Explain if you could. What cases, modern cases would this work out without it being from the capitalist class

I think you misunderstand
the origin of Bourgeoise is the medieval middle class
but they supplanted the nobility to be the new ruling class in captalist society
we are ruled by the bourgeoisie

So they are the Capitalist Class?

yes,
they are anyone who profits from the labor of anyone else

It means middle-class under feudalism, where the aristocracy was the upper-class.

Wat. It's about owning the means of production.
Owning the means of production is now a majority thing?

I was extremely confused originally. The user above helped explain things to me

just a heads up
i'm practicing my larp abilities, and I don't actually believe what I described to you

it is what some people here actually believe though

Oh. Then what do you believe?

ethnonationalism

...

I forgot to mention where I'm from

fucking liberals

A member of the bourgeouise doesn't even need to build the tool himself. He just needs to have legal ownership of it.
Usually the favors traded for one tool is used to get more tools. Building it yourself is optional.


see:

I'm gonna make a wiki article to make it clear once and for all who the fuck is the bourgeoisie, stay with me OP, just gotta smoke before.

no john, you ARE the bourgeoisie

To the cuckshed with you

When an individual is able to provide for himself solely by virtue of his ability to control those means of production which the proletariat uses he is bourgeois. This is a significant observation to make, because individuals of a particular class all have a shared set of material interests. An individual whose income is reliant upon waged labor will definitively benefit when production increases relative to wages.

Bump

Middle class is a term used to describe people on the basis of income. It implies relevant affluence regardless of relation to the means of production. You could be a small business owner, a manager, a doctor, whatever.
Working class (proletariat) and bpurgrouise are not about affluence, they refer to your relationship to the means of production. Hypothetically you could be a member of the working class and be richer than an individual member of the bougouise.

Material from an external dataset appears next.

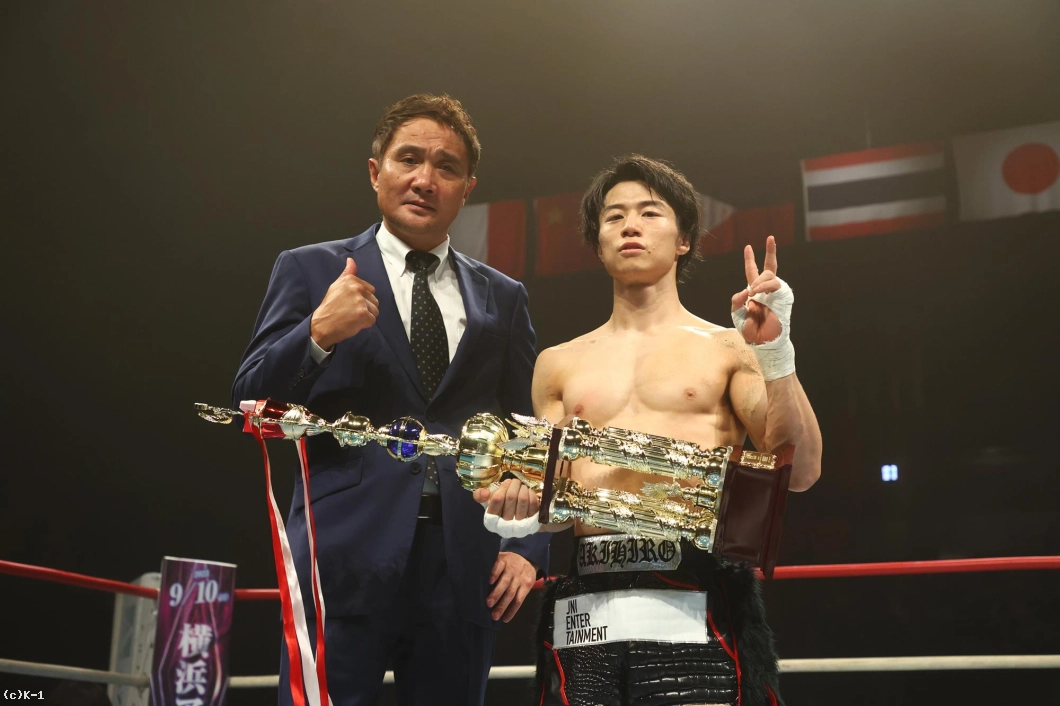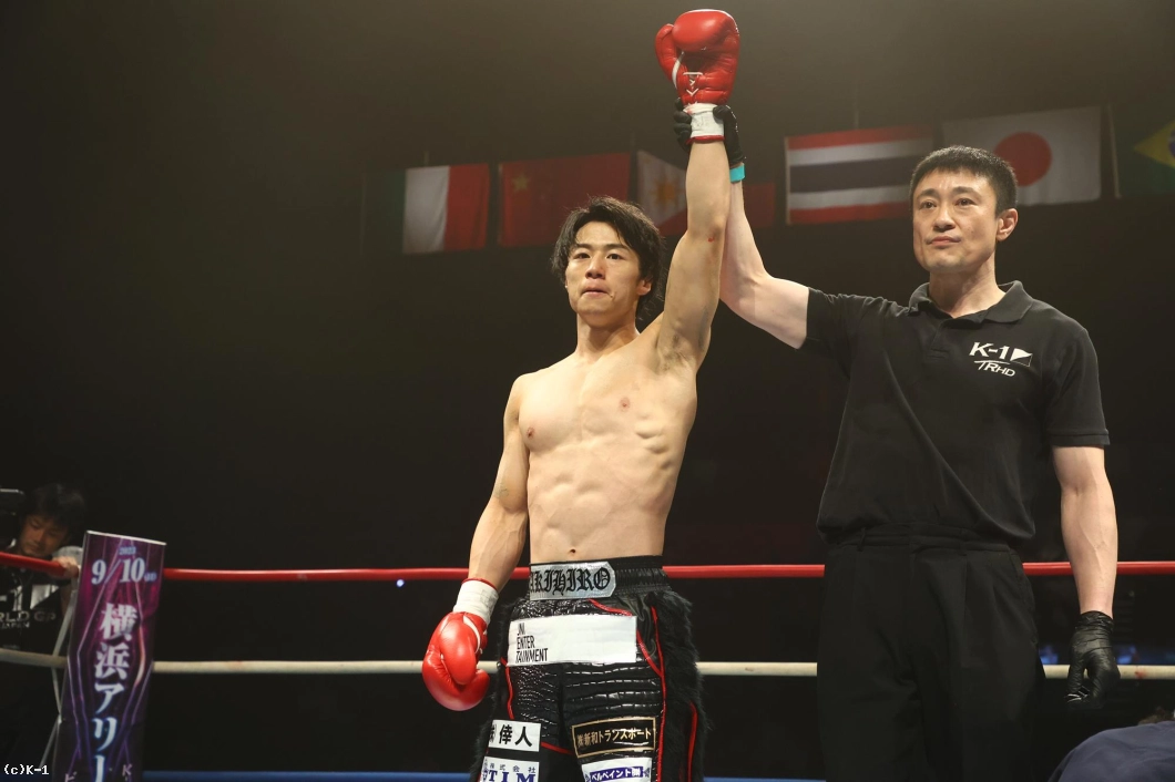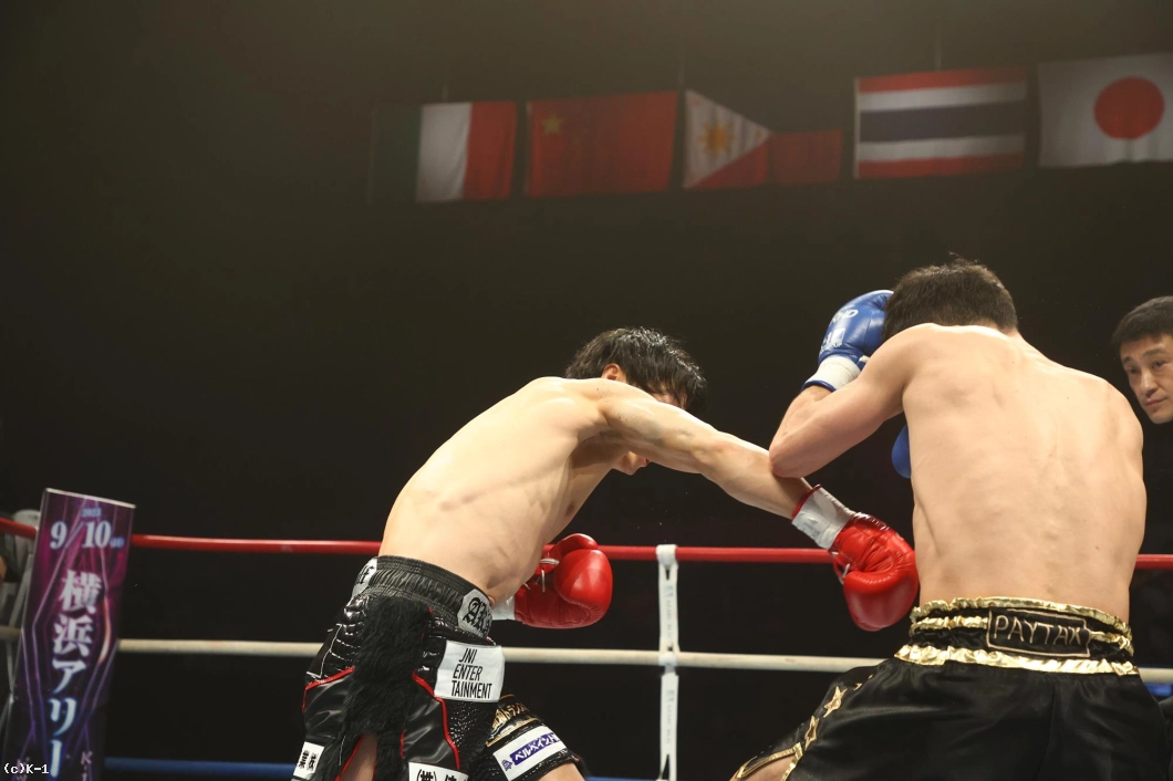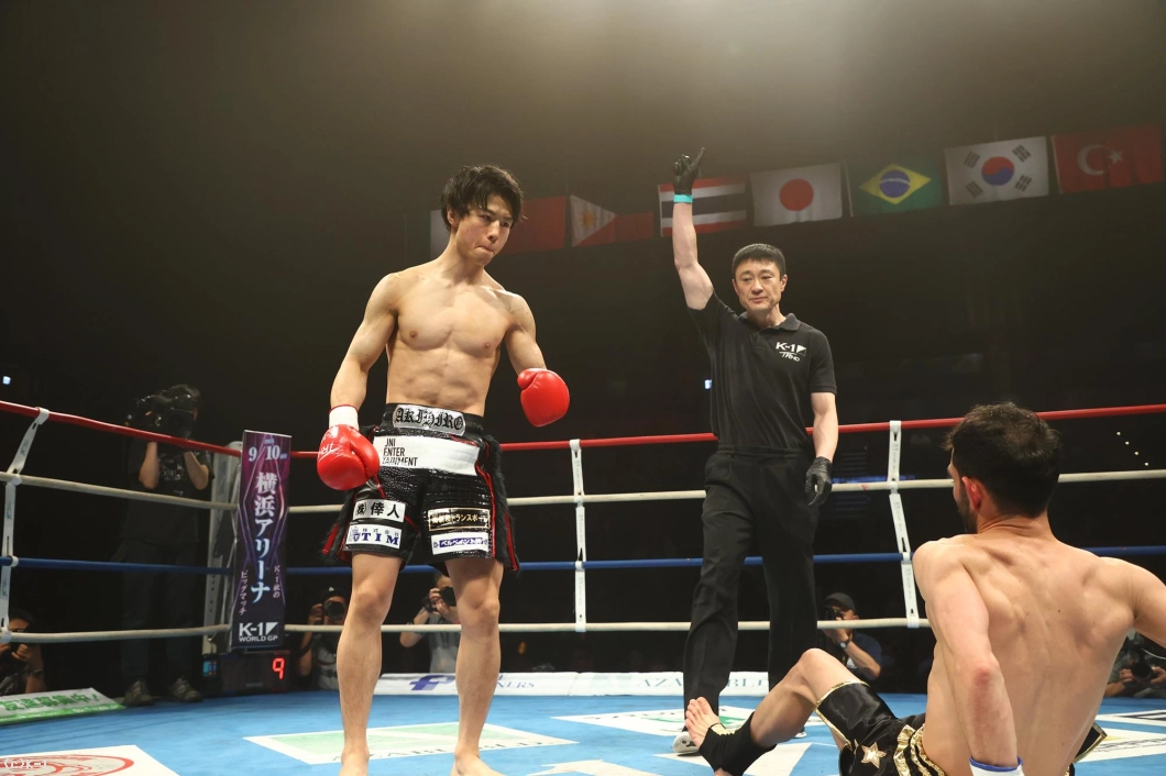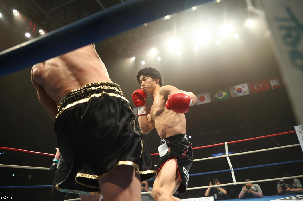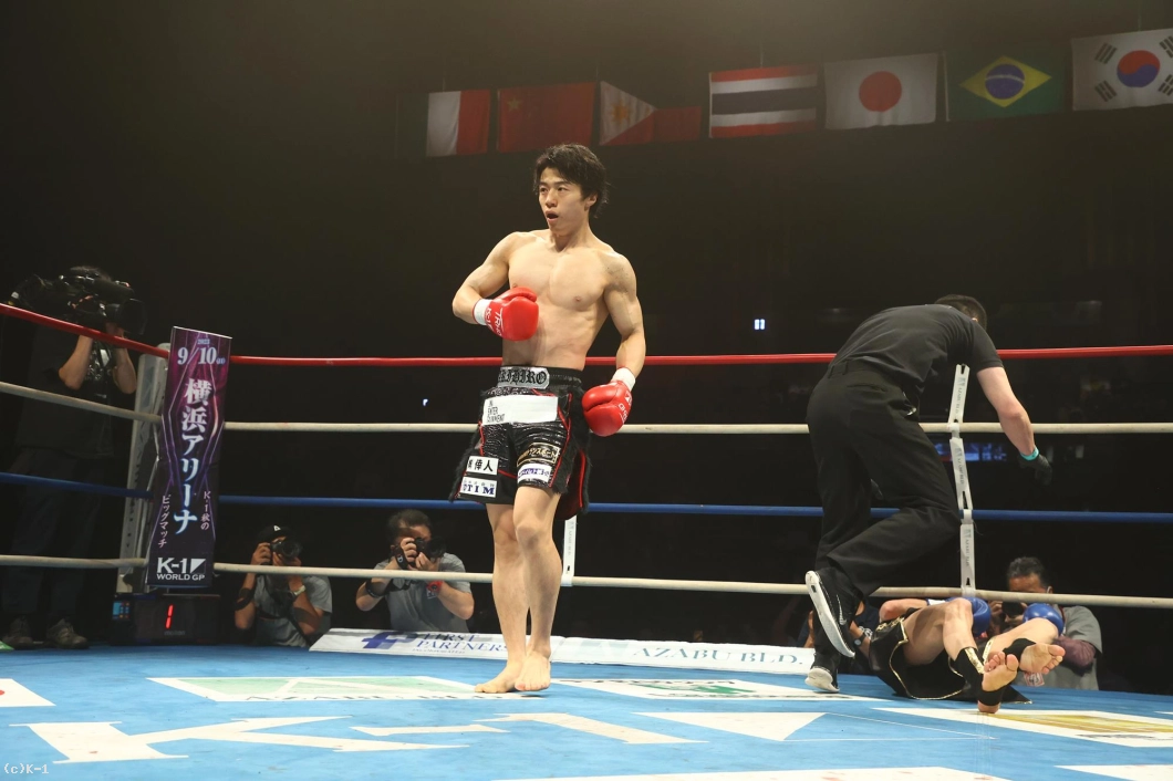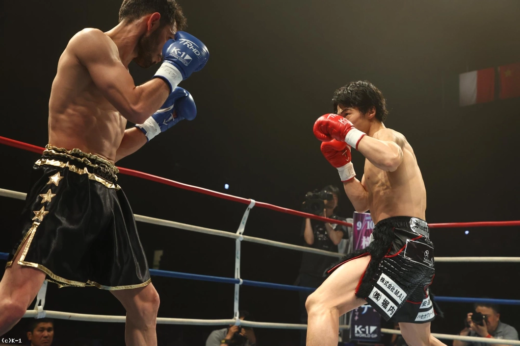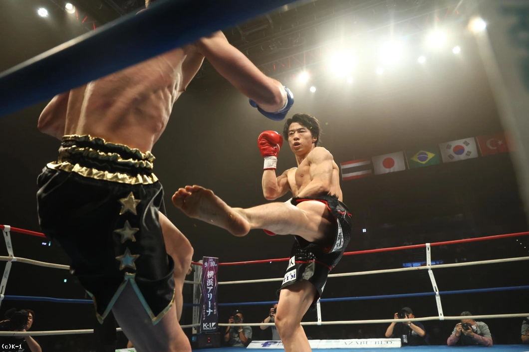 1R、金子はジャブと右ローでカラジャをけん制。そして右ストレートを打ち込み、いきなりダウンを奪う。立ち上がったカラジャに左ボディを効かせ、ボディに飛びヒザ、続いて右ストレートをフォローし、2度目のダウンを奪う。金子はボディへの飛びヒザ、左ボディ、左ミドルと当て、最後は右ストレートから左フックを返し、初回KOを決めた。

What about bankers and investment bankers etc. they dont own MOPs but surely they are part of the capitalist system

leftypol.miraheze.org/wiki/Bourgeoisie

It means whoever we don't like

this

except they do. investment banking is literally based on the buying and selling of capital (in the form of shares).
financial advisors are not bourgeoisie, though, since they don't own capital.

Confining it only to direct, personal ownership over the means of production is pretty myopic. That's definitely a component, but financial instruments, stocks, trusts, futures, etc, have evolved to such an extent after Marx's time that saying, in regards to CEOs for instance, that because they don't "own the means of production" that they aren't bourgeoisie, is a little ridiculous.

stop false flagging

This.

Others have explained and linked and whatnot, so my post on this is almost certainly redundant, but basically it doesn't mean the middle class. It did at one time, but in the Marxist context (and really almost any political/economic context it's used in now) it means the capitalist upper class. I've occasionally seen people who professed to be socialists make the mistake of semantic association in diatribes against the 'middle class' as a supposed group, though. But the actual 'middle class' is a very vague thing, especially in developed economies where it's sorted in tiers which go from construction contractors to teachers to assistant managers to white collar workers to doctors to business owners. The "lower middle class" may be struggling to afford necessities, while the "upper middle class" depending on your definition may group ambitious office employees with the people who own the firm they work for. "Working class" is much more defined.